Picture Ja Rule and 50 Cent having a sexy full grown love child son...He's on my bus right now, wearing an outside jacket with no shirt underneath. My fashion sense and libido are fighting it out.I'll keep you posted on who wins.
I wouldnt endorse that guy if he was walking in a walkathon to raise money for a disease i had
Is she bent over a couch yet or did daylight savings time throw off her usual schedule?
I left my toothbrush at her house. This is getting way too serious for me.
I think she just stepped in a piece of mac and cheese, picked it off the bottom of her foot and ate it.
I see you felt the need to carve your name in my kitchen table. thanks
i told you he always needs adult supervision he just tazered himself
so i say "rick dont build that sandcastle" and he "says ok i wont" then i wake up and its sandcastle fucking city all over my apartment
im almost positive that in mid thrust she told me she was pro choice
Seriously, dude... You knows its bad when you gag on her nipple.

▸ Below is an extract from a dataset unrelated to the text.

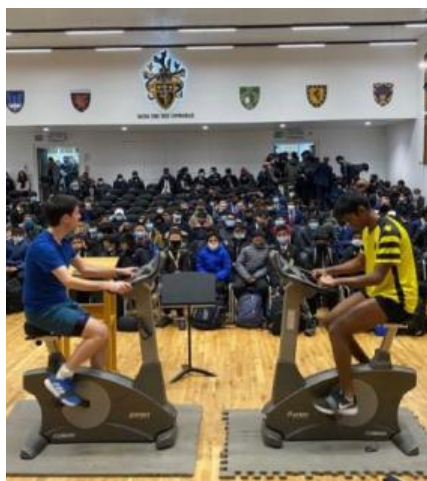
The Headmaster and Head Boy compete against each other racing the final leg

On 7th December 2021, Wilson's staff and pupils took part in a race to raise money for Centrepoint. Starting at 8 o'clock, competitors from the staff and sixth form battled it out, cycling against one another in 20-minute intervals, on stationary bikes set-up in the JJ Hall.

She tried to beat the waitress over the head with a bread stick because one of her martini olives was missing a pimento. All while screaming "IT'S GAMEDAY BITCH"
Olive Garden will never be the same.
YOU GAVE HIM A BLOWJOB ON YOUR DOORSTEP?!
It would be magical, all 2 min of it.
I'm not in it for just the sex. If I wanted mediocre dick once a week I would have stayed with one of my exes.
In case I die. I'm in ares truck with a bartender named Dave from chuys. JUST IN CASE. And let the people know my last words were suck my dick. My like literally.